На третий день нашего пребывания в Алькубьерре прибыли винтовки. Старший сержант с грубоватым темно-желтым лицом выдавал нам оружие в конюшне. Я пришел в отчаяние, увидев, что выпало на мою долю. Это был немецкий «Маузер» образца 1896 года, то есть более чем сорокалетней давности. Винтовка заржавела, затвор ходил с трудом, деревянная накладка ствола была расколота, один взгляд в дуло убедил меня, что и оно безнадежно заржавело. Большинство винтовок было не лучше, а некоторые даже хуже моей. Никто даже не подумал о том, что винтовки получше следовало бы дать тем, кто умеет с ними обращаться. Самая лучшая винтовка, сделанная всего десять лет назад, оказалась у пятнадцатилетнего кретина по прозвищу maricón («девчонка»). Сержант отвел на обучение пять минут, разъяснив, как заряжать винтовку и как разбирать затвор. Многие из ополченцев никогда раньше не держали винтовку в руках и лишь очень немногие знали, зачем нужна мушка. Были розданы патроны по пятьдесят штук на человека. Затем нас выстроили в шеренгу и мы, закинув за спину рюкзаки, двинулись в сторону фронта, находившегося всего в пяти километрах от нас.
Центурия — восемьдесят человек и несколько собак — вразброд отправились в путь. Каждая колонна ополчения имела при себе в качестве талисмана, по меньшей мере, одну собаку. Возле нас плелся несчастный пес, на шкуре которого выжгли большими буквами P.O.U.M. Казалось, что он стыдился своего злосчастного вида. Впереди колонны, рядом с красным знаменем, ехал на вороном коне наш командир, кряжистый бельгиец Жорж Копп. Чуть впереди его гарцевал молоденький и очень смахивающий на бандита боец ополченской кавалерии. Он галопом взлетал на каждый бугорок и застывал на вершине в самых живописных позах. Во время революции было захвачено много отличных лошадей испанской кавалерии, лошади были отданы ополченцам, которые, разумеется, делали все, чтобы заездить их насмерть.

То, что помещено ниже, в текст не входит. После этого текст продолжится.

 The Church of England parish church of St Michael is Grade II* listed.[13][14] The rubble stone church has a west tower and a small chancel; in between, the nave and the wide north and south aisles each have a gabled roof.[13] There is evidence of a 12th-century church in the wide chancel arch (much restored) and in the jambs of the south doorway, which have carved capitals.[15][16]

Дорога вилась среди желтых неплодородных полей, запущенных еще со времени сбора прошлогоднего урожая. Впереди лежала низкая сьерра, отделяющая Алькубьерре от Сарагосы. Мы приближались к фронту, приближались к бомбам, пулеметам и грязи. В глубине души я испытывал страх. Я знал, что в данную минуту на фронте затишье, но в отличие от большинства моих соотечественников я помнил первую мировую войну, хотя и не принимал в ней участия. Война связывалась у меня со свистом пуль, градом стальных осколков, но прежде всего она означала грязь, вши, голод и холод. Как ни странно, но холода я боялся больше, чем врага. Мысль о холоде преследовала меня во время всего пребывания в Барселоне; случалось даже, что я не спал по ночам, думая о холоде в окопах, о побудке в предрассветной мгле, о долгих часах на карауле, с заиндевевшей винтовкой, о ледяной грязи, попадающей в башмаки. Признаюсь, что я испытывал нечто вроде ужаса, глядя на людей, маршировавших рядом со мной. Вы, пожалуй, не сможете себе представить, что это был за сброд. Мы тащились по дороге, как стадо баранов; не успев пройти и двух километров, мы потеряли из виду конец колонны. А половина наших так называемых бойцов была детьми, причем, детьми в буквальном смысле слова, ребятами не старше шестнадцати лет. Но все они были счастливы и приходили в восторг от мысли, что наконец-то идут на фронт. Приближаясь к линии фронта, ребята, шедшие впереди с красным знаменем, начали выкрикивать: «Visca P.O.U.M.! Fascistas-maricones!»(8) и так далее. Им хотелось, чтобы эти крики были воинственными и угрожающими, но в ребячьих устах они звучали жалобно, как мяуканье котят. Так вот они — защитники Республики — толпа оборванных детей, вооруженных изношенными винтовками, с которыми они не умели даже обращаться. Помню, я задавал себе тогда вопрос: а что, если над нашими головами вдруг появится фашистский самолет? Станет ли летчик пикировать на нас и выпустит ли пулеметную очередь? Я уверен, что даже с воздуха было видно, что мы не настоящие солдаты.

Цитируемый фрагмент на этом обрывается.